_Task item_
Return the data that follows exactly as it appears. Pictures do not belong in the copy.

_Listed records_
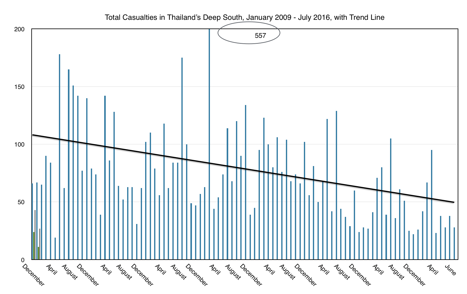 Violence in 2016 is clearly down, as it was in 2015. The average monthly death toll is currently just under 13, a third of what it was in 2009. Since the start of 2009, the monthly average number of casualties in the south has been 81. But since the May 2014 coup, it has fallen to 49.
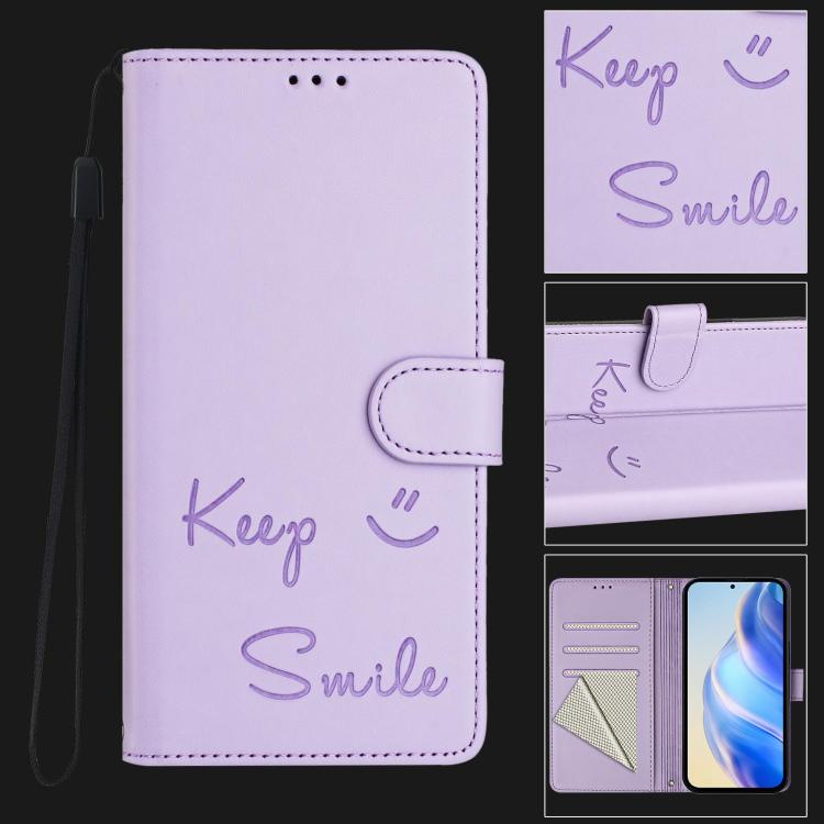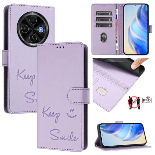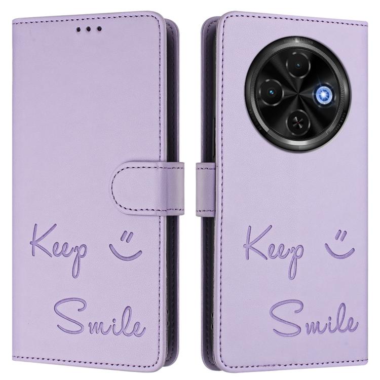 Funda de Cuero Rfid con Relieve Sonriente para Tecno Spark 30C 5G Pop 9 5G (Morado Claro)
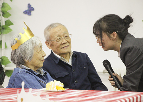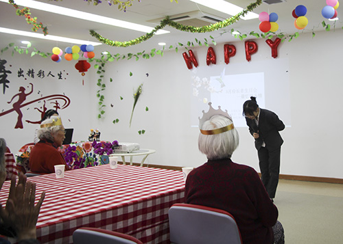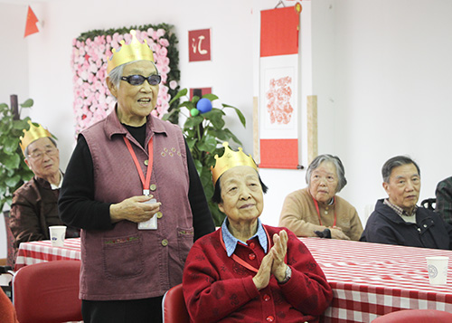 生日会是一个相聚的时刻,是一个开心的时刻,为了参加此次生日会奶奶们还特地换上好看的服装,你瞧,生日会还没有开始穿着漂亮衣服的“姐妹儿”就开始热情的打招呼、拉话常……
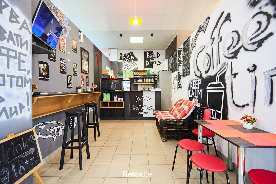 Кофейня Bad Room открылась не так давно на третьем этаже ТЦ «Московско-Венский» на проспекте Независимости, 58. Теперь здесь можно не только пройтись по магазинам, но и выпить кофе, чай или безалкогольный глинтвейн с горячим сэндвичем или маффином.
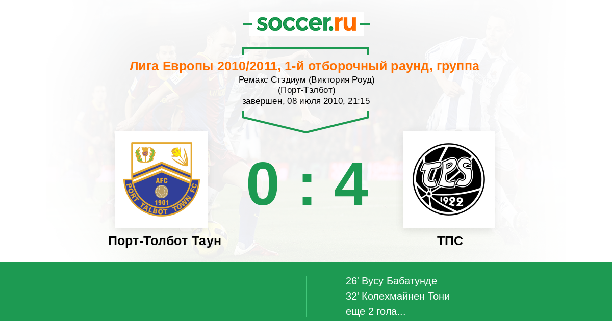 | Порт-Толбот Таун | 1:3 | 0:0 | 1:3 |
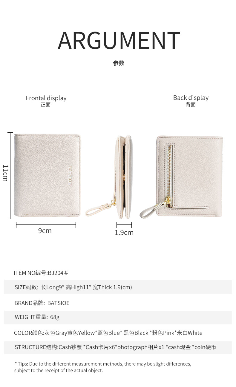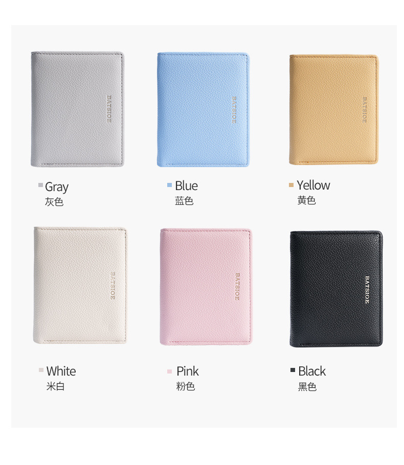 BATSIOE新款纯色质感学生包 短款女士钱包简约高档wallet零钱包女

_Response area_
 Violence in 2016 is clearly down, as it was in 2015. The average monthly death toll is currently just under 13, a third of what it was in 2009. Since the start of 2009, the monthly average number of casualties in the south has been 81. But since the May 2014 coup, it has fallen to 49.
 Funda de Cuero Rfid con Relieve Sonriente para Tecno Spark 30C 5G Pop 9 5G (Morado Claro)
 生日会是一个相聚的时刻,是一个开心的时刻,为了参加此次生日会奶奶们还特地换上好看的服装,你瞧,生日会还没有开始穿着漂亮衣服的“姐妹儿”就开始热情的打招呼、拉话常……
 Кофейня Bad Room открылась не так давно на третьем этаже ТЦ «Московско-Венский» на проспекте Независимости, 58. Теперь здесь можно не только пройтись по магазинам, но и выпить кофе, чай или безалкогольный глинтвейн с горячим сэндвичем или маффином.
 | Порт-Толбот Таун | 1:3 | 0:0 | 1:3 |
 BATSIOE新款纯色质感学生包 短款女士钱包简约高档wallet零钱包女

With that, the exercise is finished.